Description of the task:
Return the full listing unchanged, excluding any images it contains.

Collected data:
►
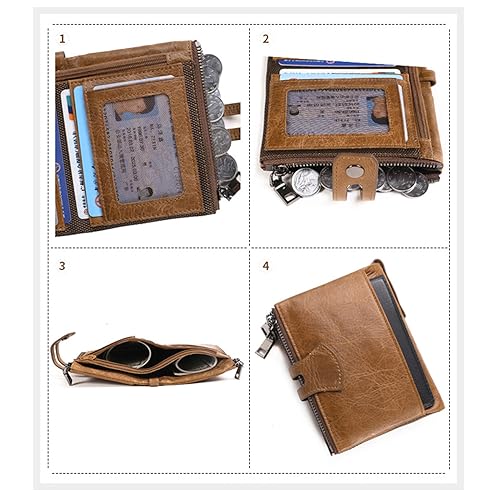 Zip Wallet for Men Women Genuine Leather Bifold Credit Card Holder Snap Fastener Stylish With 1 ID Window 307# Brown 4
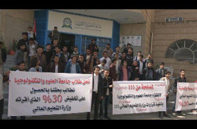 نظم طلاب جامعة العلوم والتكنولوجيا اليوم وقفة إحتجاجية في ساحة الجامعة لمطالبة رئاسة الجامعة بتطبيق قرار وزارة التعليم العالي تخفيض نسبة الرسوم الدراسية للطلاب بواقع 30%، وإعتماد سعر صرف البنك المركزي اليمني في صنعاء 250 ريال للدولار.
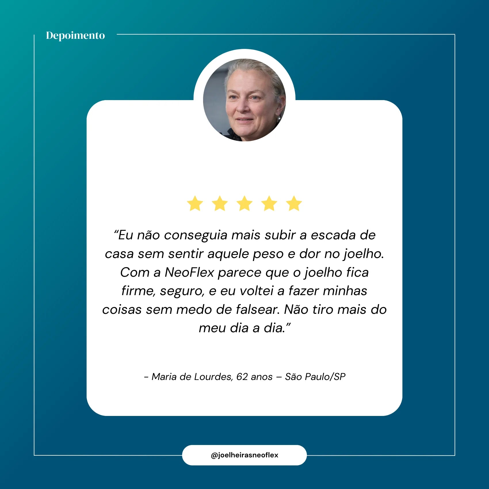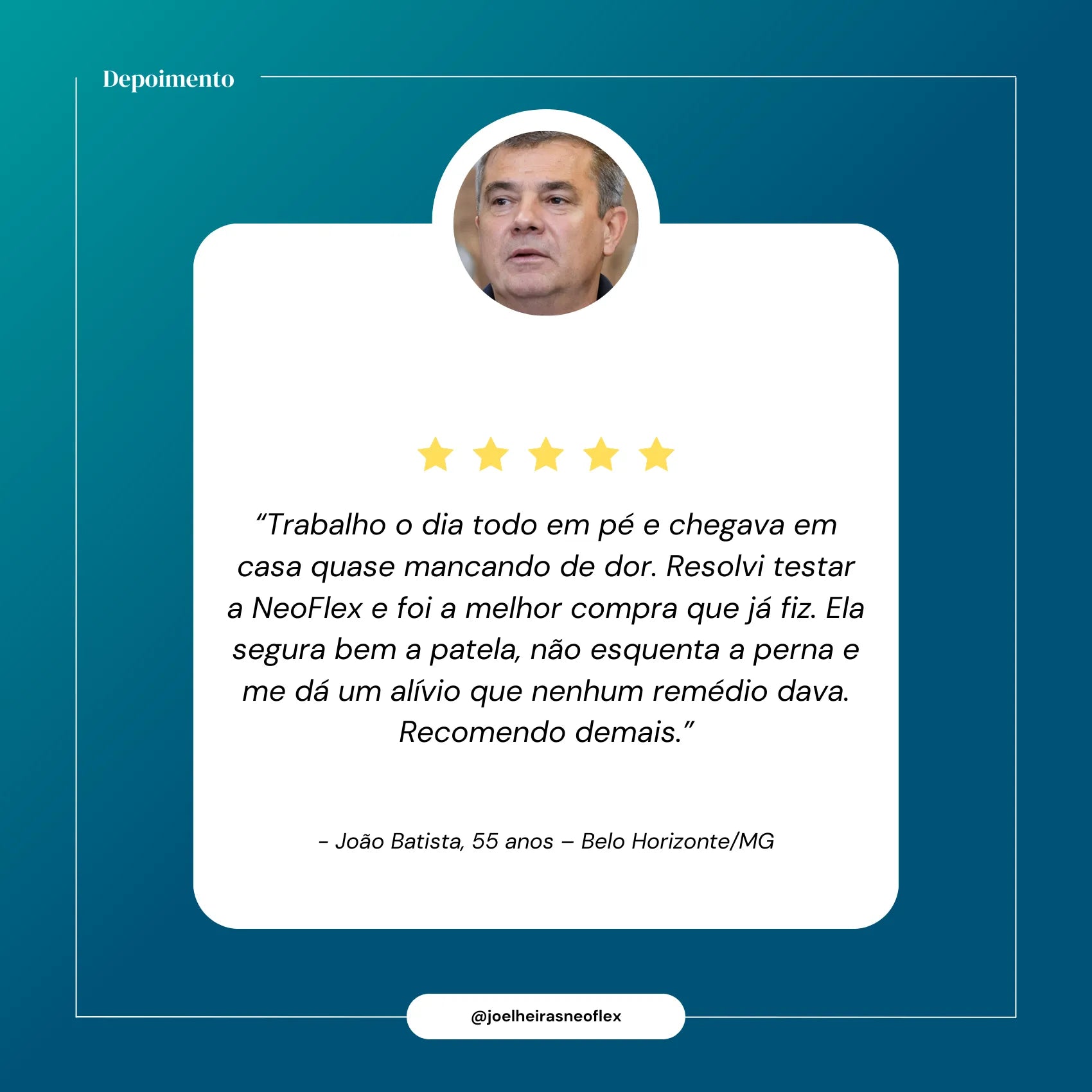 Muitos clientes relatam alívio já nos primeiros dias de uso. Com o uso contínuo, a NeoFlex contribui para uma melhora significativa na mobilidade e redução das dores.
◄
Reply to the exercise:
 Zip Wallet for Men Women Genuine Leather Bifold Credit Card Holder Snap Fastener Stylish With 1 ID Window 307# Brown 4
 نظم طلاب جامعة العلوم والتكنولوجيا اليوم وقفة إحتجاجية في ساحة الجامعة لمطالبة رئاسة الجامعة بتطبيق قرار وزارة التعليم العالي تخفيض نسبة الرسوم الدراسية للطلاب بواقع 30%، وإعتماد سعر صرف البنك المركزي اليمني في صنعاء 250 ريال للدولار.
 Muitos clientes relatam alívio já nos primeiros dias de uso. Com o uso contínuo, a NeoFlex contribui para uma melhora significativa na mobilidade e redução das dores.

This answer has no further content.